The second time we started the novel, we read it all the way through. This time, Thea fixated on the scene where Fern’s mother goes to visit the pediatrician, asking him if she should be concerned that Fern’s spending all her time with animals she believes can talk. Dr. Dorian’s response is full of admiring wonder. He says that it’s not the writing in the web that’s a miracle, but the web itself. And he suggests that it’s likely the animals in the barn cellar really can talk, only adults are too self-absorbed to notice:
“I never heard one say anything,” he replied. “But that proves nothing. It is quite possible that an animal has spoken civilly to me and that I didn’t catch the remark because I wasn’t paying attention. Children pay better attention than grownups. If Fern says that the animals in Zuckerman’s barn talk, I’m quite ready to believe her.”
White is gently (and like everything in the book, it really does feel gentle) mocking Mrs. Arable for her failure to understand the magical, full world Fern inhabits when she’s on the farm, but he’s also refuting her assumption that her adult perspective is the way that Fern ought to experience the world.
When we read that Fern began to visit the barn less frequently, Thea grew concerned. “Where’s Fern?” she asked insistently in each scene where Wilbur appeared without her. “When is Fern coming back?” Although she’s cast herself as Fern and sees the book as a story about Fern, here she saw herself as Wilbur, fearing that one day, I would not come back. Of course she’s Fern to Wilbur, Wilbur only to Charlotte. My parents are Charlotte to me, an acknowledgment that the tearful eye contact I made with my dad had communicated. Thea didn’t need to know the word killed—though I suspect she did know it somehow, even if I’d never taught it to her—to understand the inevitability of loss that saturates the book.

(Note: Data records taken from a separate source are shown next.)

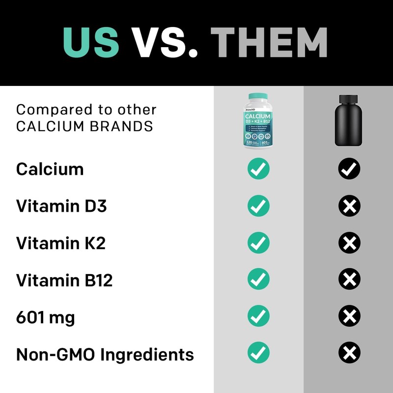 PrimeMD 4-in-1 Calclum Supplements for Women and Men - Calcium 600mg with Vitamin D3 K2 5000 IU Supplement for Heart, Bone & Body Defenses - Gluten-Free, Vegan-Friendly (240 ct)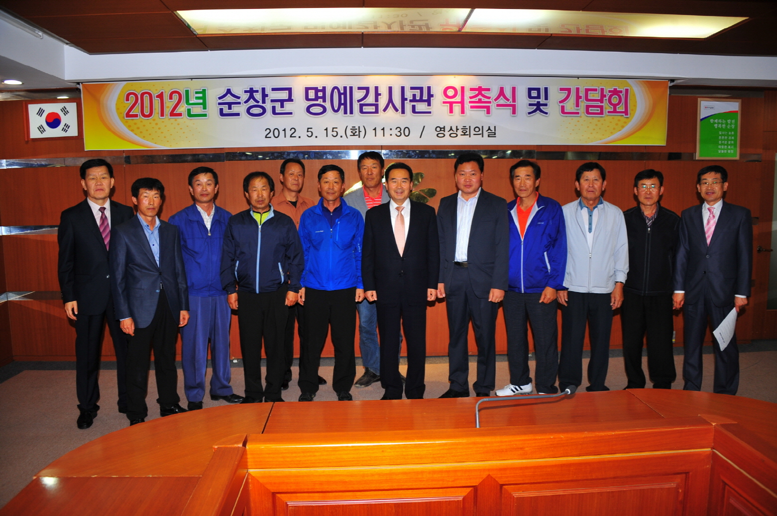 - 투명하고 깨끗한 행정을 최우선 목표로 추진하고 있는 황숙주 순창군수가 15일 군 영상회의실에서 11명의 명예감사관에 대한 위촉장 수여와 간담회를 가졌다. 이날 간담회는 황군수를 비롯해 각읍면별 1명씩의 명예감사관이 참석한 가운데 명예감사관 제도의 활성화와 활동방향에 대한 의견을 수렴하고 감사관의 역할 등에 대한 교육을 하였다 -2012. 5. 15-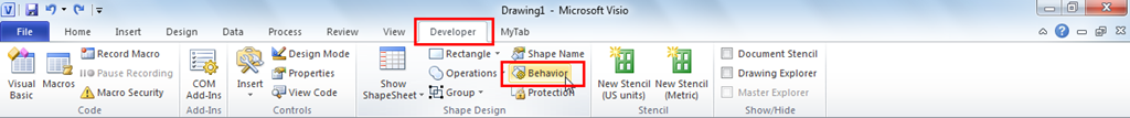 In Visio 2010, you’ll notice that the same context menu does NOT have a Behavior item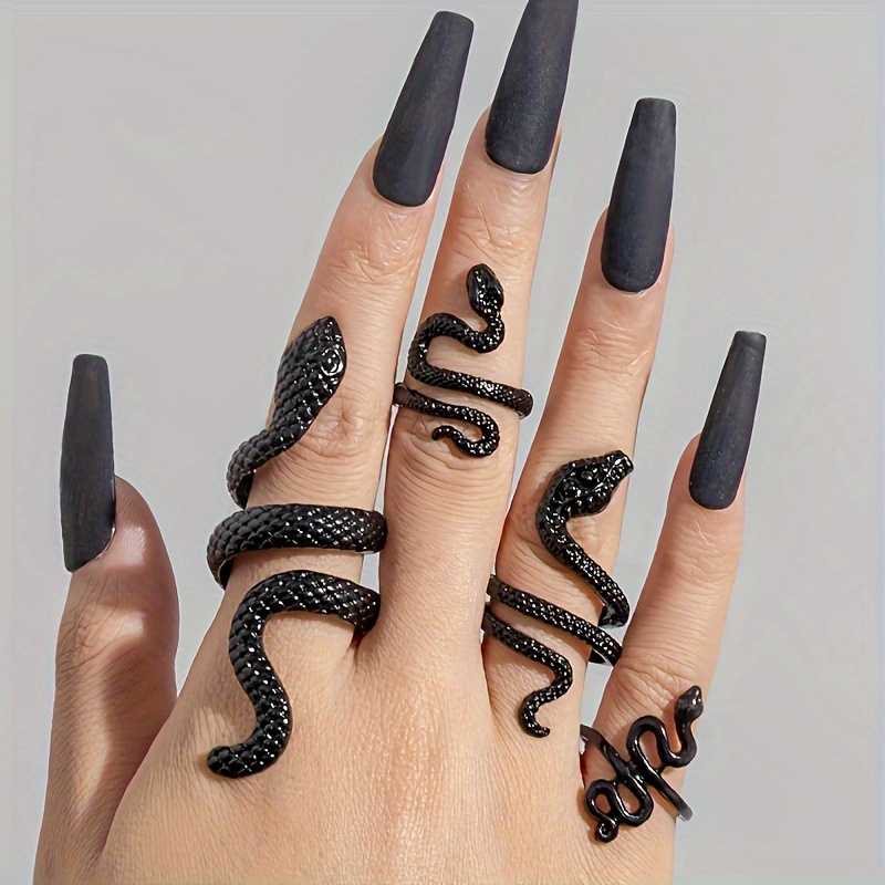 Women's 4pcs Vintage Gothic Reptile Serpent Snake Ring Set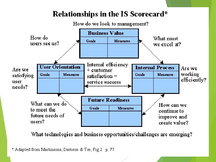 4 Original Business Perspectives n The Balanced Scorecard model suggests that we view the organization from 4 perspectives. n Then Develop metrics, collect data and analyze it relative to each of these perspectives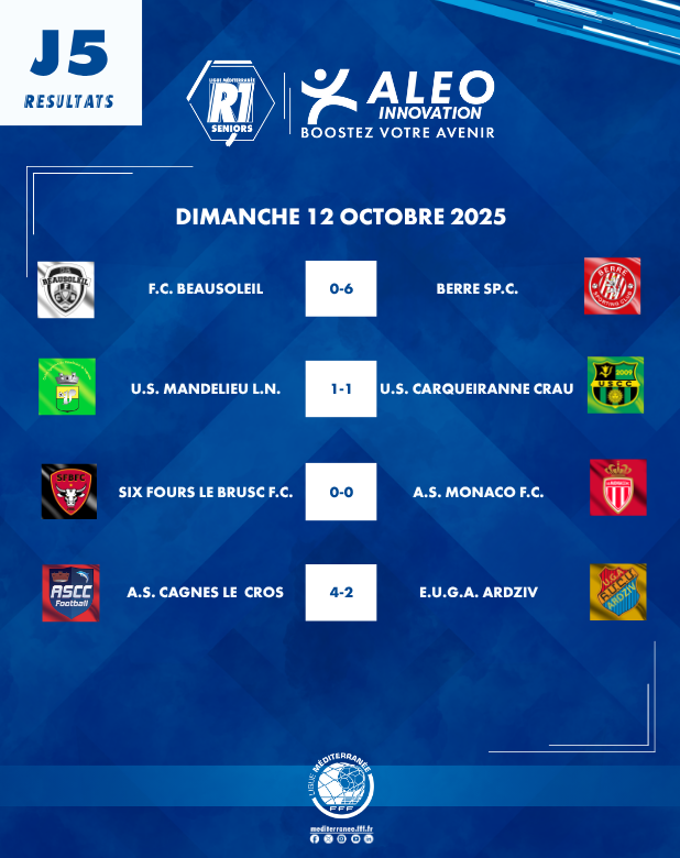 Régional 1 Aleo Innovation (5ème journée) : résultats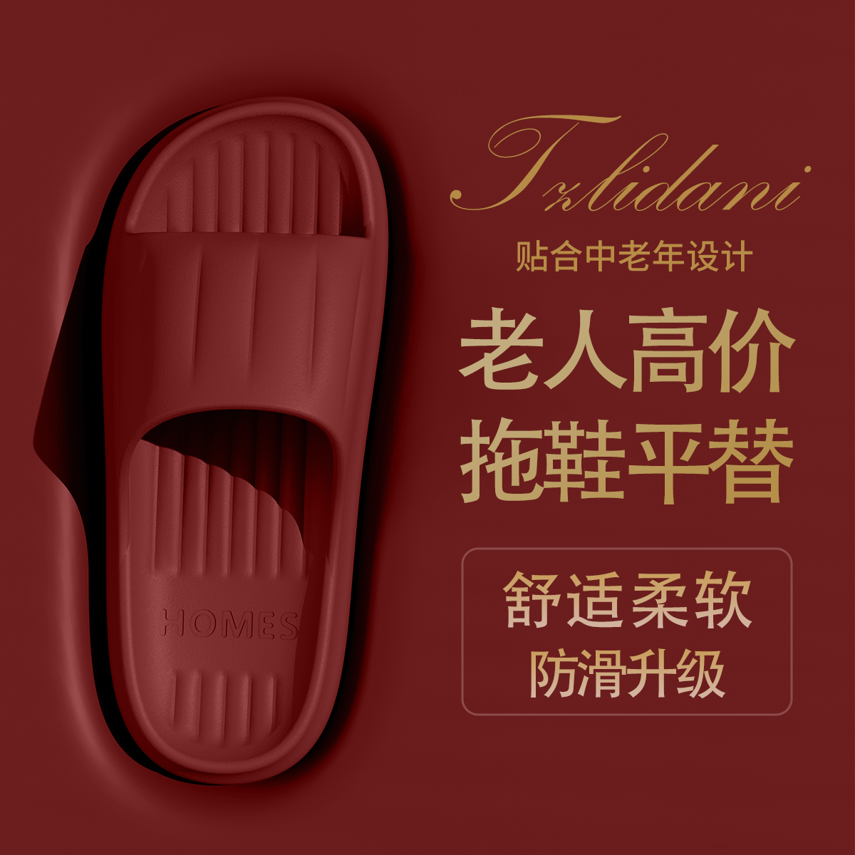 天猫老年人防滑拖鞋女2025夏季新款室内家居浴室洗澡防臭红色凉拖鞋男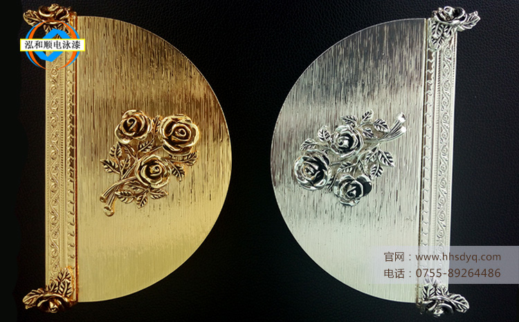 泓和順的金色電泳漆,在電鍍銀底的鐵材上,在電泳金色的效果如下: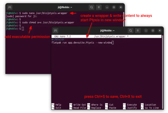 This command will create a script ptyxis.wrapper under /usr/bin with nano command line text editor.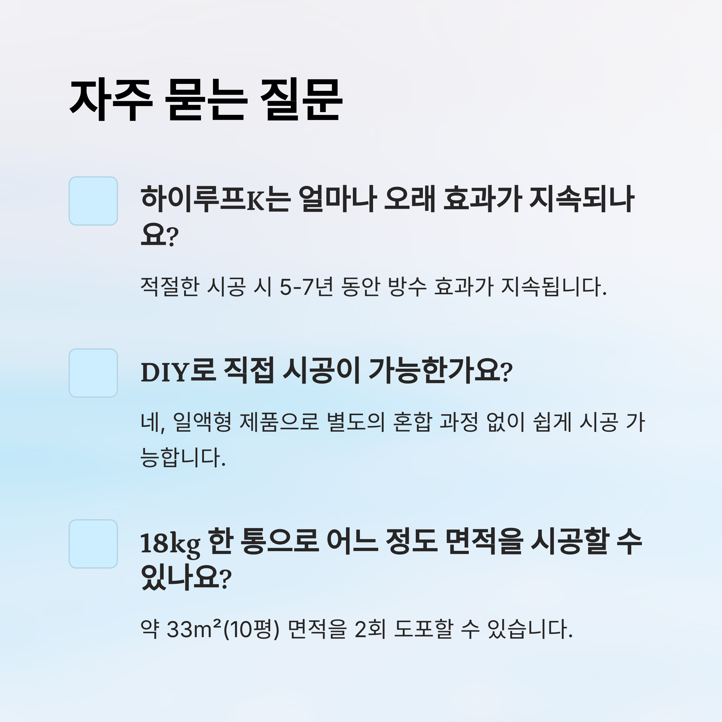| 시공 면적 | 1말(18kg)에 10평(2회 시공 기준) |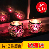 超值欧式马赛克玻璃蜡烛台浪漫表白烛光晚餐蜡烛杯摆件3件包邮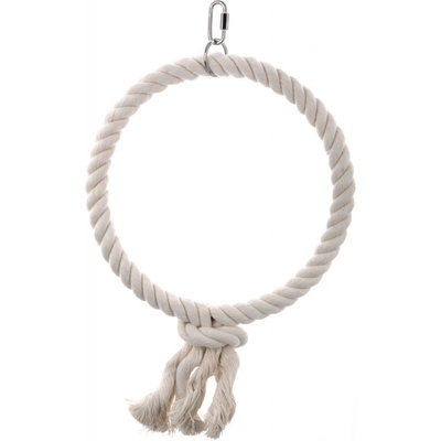 Lanový bavlněný kruh jako zábavná houpačka pro ptáky. Kruh se připevní pomocí kovové karabiny, která má bezpečnostní závit. Kruh drží tvar jelikož základem je kovový kruh,...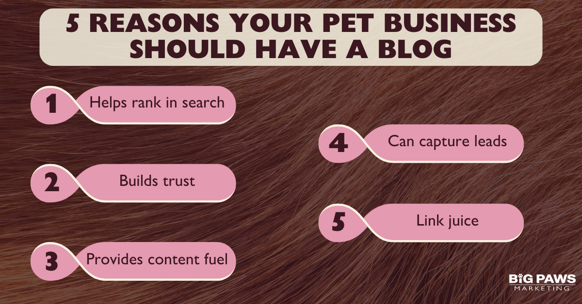 Blog posts are an incredibly effective way for pet businesses to get more traffic, generate revenue, build authority and trust, and assign value to product pages.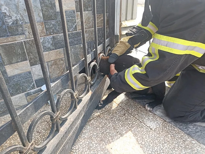 HATAY - Hatay'ın Arsuz ilçesinde bir evin bahçe kapısına sıkışan köpek, itfaiye ekibince kurtarıldı.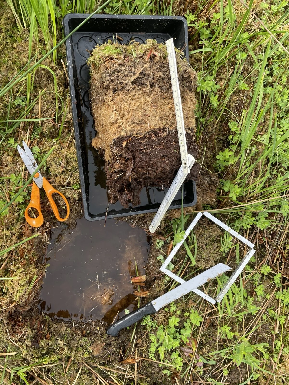 Um die Vegetationsentwicklung und den Biomasseaufwuchs bestimmen zu können, führen wir Messungen und Probenahmen am Torfmoosrasen durch. Diese Daten dienen zudem zur Entwicklung und Validierung einer automatisierten Kartierungsmethode für die einfache großflächige Bestimmung des Torfmooswachstums (Deckung und Biomasse). Die Untersuchungen zur Vegetationsentwicklung und den Biomasseerträgen erfolgen auf Flächenabschnitten in unterschiedlichen Produktionsphasen, um Etablierung, Wachstum, Regeneration nach der Ernte mit verschiedenen Pflegemahdszenarien und Erntemethoden zu untersuchen sowie Erfolgskontrolle nach Techniktests durchzuführen. Zudem nehmen wir wachstumshemmende Faktoren wie Pilze auf. Die Ergebnisse fließen in die Erarbeitung von Handlungsempfehlungen für das Handbuch zur Torfmoos-Paludikultur ein.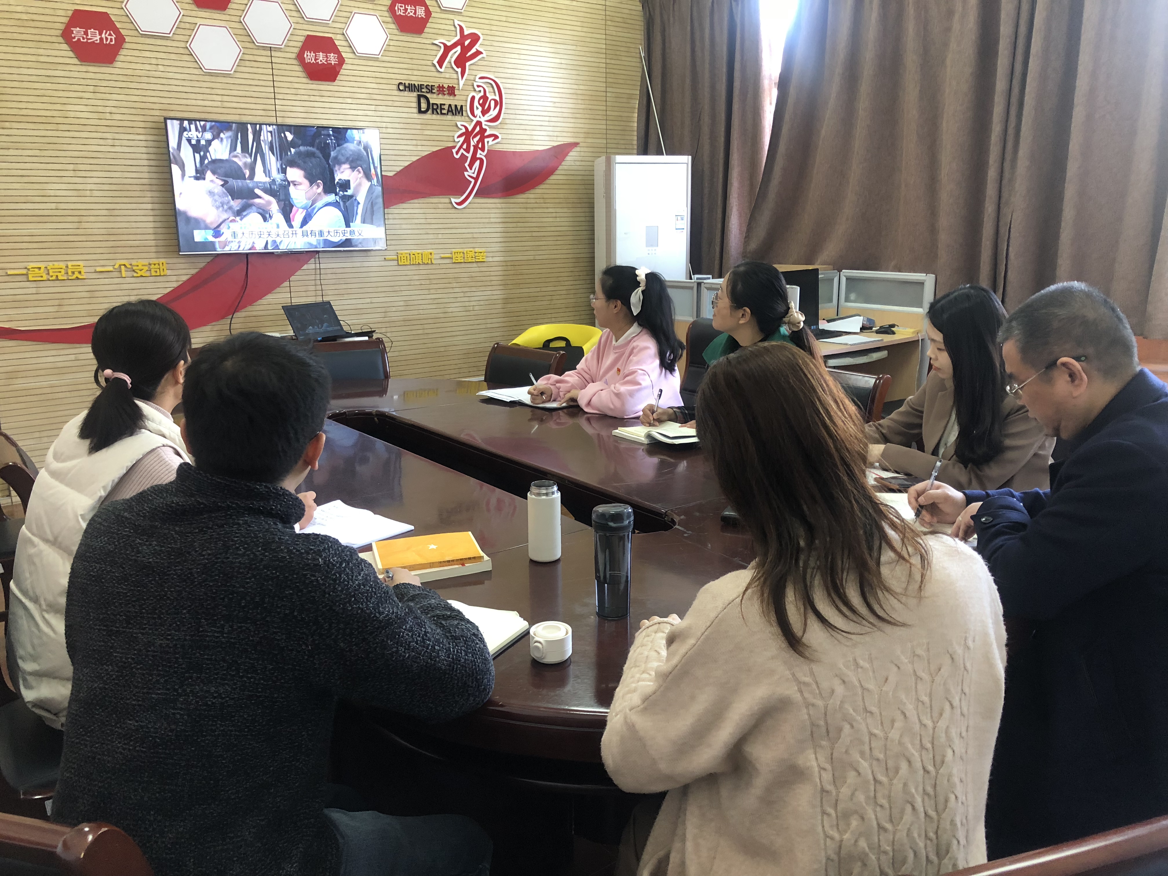 11月12日上午10时,直属社会科学部党支部组织全体党支部委员会委员、部门行政以及在校教师在13102会议室收看中国共产党第十九届中央委员会第六次全体会议新闻发布会,并开展交流讨论。其余未在校教师通过其他方式,第一时间收看此次新闻发布会,并以文字形式参加交流。

When “Mother Earth and Father Time” came on, Thea told me again that it was sad.
“It is,” I agreed again.
“The notes are sad.”
I didn’t want to lie this time. I flipped back through rusty music lesson memory, trying to remember what it was about minor keys. Was the song even in a minor key? And what exactly was a key, anyway? Undeterred by my incomplete understanding, I offered: “I think that’s because it’s in a minor key.”
This seemed to satisfy Thea, and then she asked, again, for confirmation: “But you like this song?”
“It is kind of sad. But sometimes sad things can be beautiful.”
She seemed satisfied. I think she already understood what I did about the song, even if she couldn’t or wouldn’t fully articulate it. And, in that same way, she knows that fairies live in darkness and the path to the dump is magic and Gallows Hill Road is secret. The places we always dream about.